FieldConvert tests failing in Debug on Windows
With a Windows 10 MPI Debug build, three FieldConvert
tests are failing:
FieldConvert_Tet_channel_npart_wss
FieldConvert_chan3D_tec_par
FieldConvert_chan3D_vort_par
This doesn't seen to cause an issue on Windows 10 with a Release build or on Linux/Mac OS and was only encountered when running the Debug build via the CI system.
It seems that the problems with these tests are different. For the first one, FieldConvert_Tet_channel_npart_wss
, the error is an assertion error raised in vector
in the standard library caused by trying to access an element in an empty array, the stack trace is as follows:
LibUtilities-g.dll!std::vector<unsigned int,std::allocator<unsigned int>>::operator[](const unsigned __int64 _Pos) Line 1502 C++
LibUtilities-g.dll!Nektar::LibUtilities::CommDataTypeTraits<std::vector<unsigned int,std::allocator<unsigned int>>>::GetPointer(std::vector<unsigned int,std::allocator<unsigned int>> & val) Line 130 C++
LibUtilities-g.dll!Nektar::LibUtilities::Comm::Recv<std::vector<unsigned int,std::allocator<unsigned int>>>(int pProc, std::vector<unsigned int,std::allocator<unsigned int>> & pData) Line 261 C++
LibUtilities-g.dll!Nektar::LibUtilities::FieldIOXml::SetUpFieldMetaData(const std::string & outname, const std::vector<std::shared_ptr<Nektar::LibUtilities::FieldDefinitions>,std::allocator<std::shared_ptr<Nektar::LibUtilities::FieldDefinitions>>> & fielddefs, const std::map<std::string,std::string,std::less<std::string>,std::allocator<std::pair<std::string const ,std::string>>> & fieldmetadatamap) Line 735 C++
LibUtilities-g.dll!Nektar::LibUtilities::FieldIOXml::v_Write(const std::string & outFile, std::vector<std::shared_ptr<Nektar::LibUtilities::FieldDefinitions>,std::allocator<std::shared_ptr<Nektar::LibUtilities::FieldDefinitions>>> & fielddefs, std::vector<std::vector<double,std::allocator<double>>,std::allocator<std::vector<double,std::allocator<double>>>> & fielddata, const std::map<std::string,std::string,std::less<std::string>,std::allocator<std::pair<std::string const ,std::string>>> & fieldmetadatamap, const bool backup) Line 120 C++
LibUtilities-g.dll!Nektar::LibUtilities::FieldIO::Write(const std::string & outFile, std::vector<std::shared_ptr<Nektar::LibUtilities::FieldDefinitions>,std::allocator<std::shared_ptr<Nektar::LibUtilities::FieldDefinitions>>> & fielddefs, std::vector<std::vector<double,std::allocator<double>>,std::allocator<std::vector<double,std::allocator<double>>>> & fielddata, const std::map<std::string,std::string,std::less<std::string>,std::allocator<std::pair<std::string const ,std::string>>> & fieldinfomap, const bool backup) Line 324 C++
FieldUtils-g.dll!Nektar::FieldUtils::OutputFld::OutputFromExp(boost::program_options::variables_map & vm) Line 115 C++
FieldUtils-g.dll!Nektar::FieldUtils::OutputFileBase::Process(boost::program_options::variables_map & vm) Line 207 C++
FieldConvert-g.exe!RunModule(std::shared_ptr<Nektar::FieldUtils::Module> module, boost::program_options::variables_map & vm, bool verbose) Line 746 C++
FieldConvert-g.exe!main(int argc, char * * argv) Line 500 C++
With the assistance of @ccantwel, this was tracked down to an attempt to receive data into the array tmp
where tmp
has been created based on an elmtnums[i]
value that is 0. This seems to be the result of using a "mock parallel" version of CommSerial
to handle multiple partitions.
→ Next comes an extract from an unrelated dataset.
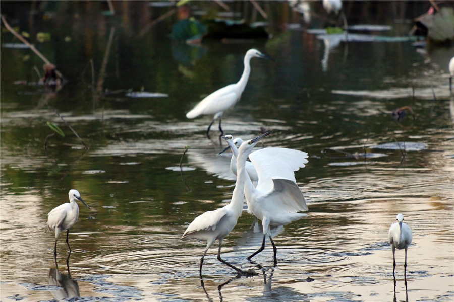 - 在道滘镇北岛公园湿地景区,成群结队的白鹭在湿地水域里觅食 2022年10月29日 08:53 分享

A workaround to resolve this has been added in c989e570.
For FieldConvert_chan3D_tec_par
and FieldConvert_chan3D_vort_par
, the error is again a failed Debug assertion vector subscript out of range
in the core vector
code. This appears to be occurring when the data is initially read in as part of the InputXml phase. Within the PartitionMesh
function of MeshGraphXml.cpp
, L262, the keys
and vals
vectors seem to have a size of 0 which results in trying to access a pointer to the first element of an empty vector triggering the error. This error affects the main MPI process. The other processes are affected by a similar issue around L296 where keys
and vals
are again empty vectors as a result of bndSize
being 0.
This has been resolved in both cases by wrapping the comm->Bcast(<vector>, 0)
calls in an if
statement that only runs the Bcast
if the vector is not empty. This fixes both of the failing chan3D tests. This fix is in commit e9bea0db.
An ASSERTL1
assertion has also been added to the GetPointer
functions that accept a vector parameter in CommDataType.h
to flag such issues in future.